Suppose you want to buy a house. The idea is that, you'll agree on a price of the house, which is greater than current market value. Suppose listing price is 100K. You agree on 150K with the lender. Each payment is expected to pay as part of 150K.

This however creates two problem. Lender's profitability depends on accurately determining the future price. Either lender or applicant can suffer from imprecise price.

An alternative I've seen is, the notion of rent. Suppose, at closing the lender buys the house for you, with the intention that you'll reside there and pay market rent.

Suppose the price of house is 100K, and rent is 1000/month. Now suppose, there's no down payment, you'll have to pay above 1000/month to start building equity.

After first payment of 1100, you have equity of 100$, while the lender has 99.9K. So, when the 2nd month payment goes, you can get to keep 0.1% of rent as equity OR use that to build more. Over time, you'll eventually pay it off. This part likens it to interest, except because rents are market based, they don't fly with borrowers.

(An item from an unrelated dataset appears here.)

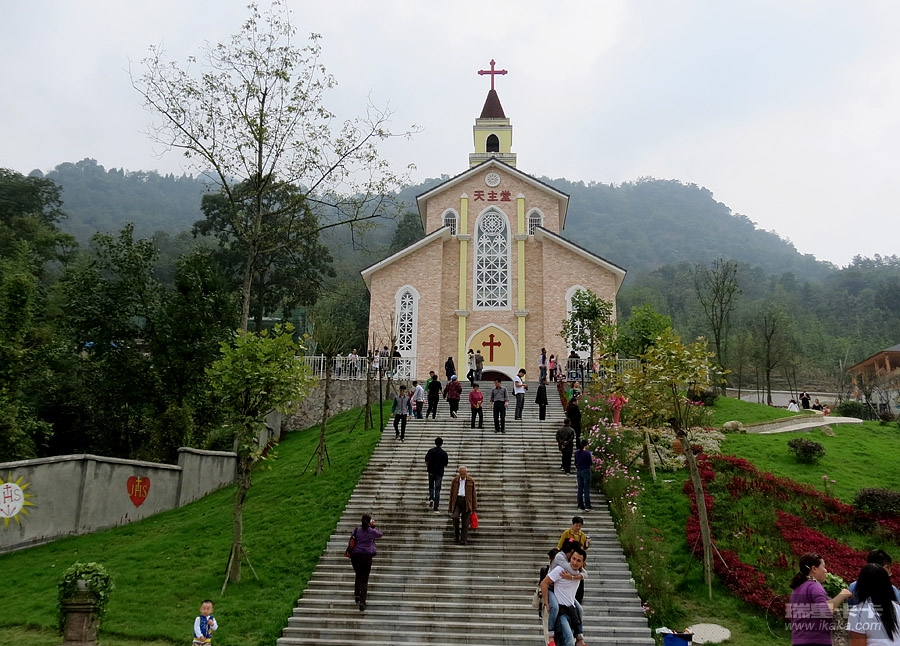 白鹿镇在2008年5.12汶川大地震中,基本被夷为平地了,这是灾后重建的。因原来有个法国教堂,建筑风格就采取了法国风情。看起来有点洋味道。

So lenders have come up with "Administrative" fees, which I equally think are BS. Hence traditional mortgage still are more accessible.

I would love it if there was a rational product out there.

1 comments

That "rational product" you're looking for is a traditional loan with interest—which in the end is just a way of renting money. All these other arrangements are just attempts to mimic the utility and function of a loan while avoiding the term "interest" in order to technically comply with the bare letter of various religious restrictions. If you aren't bound by those rules then there is no point in taking on all that extra complexity.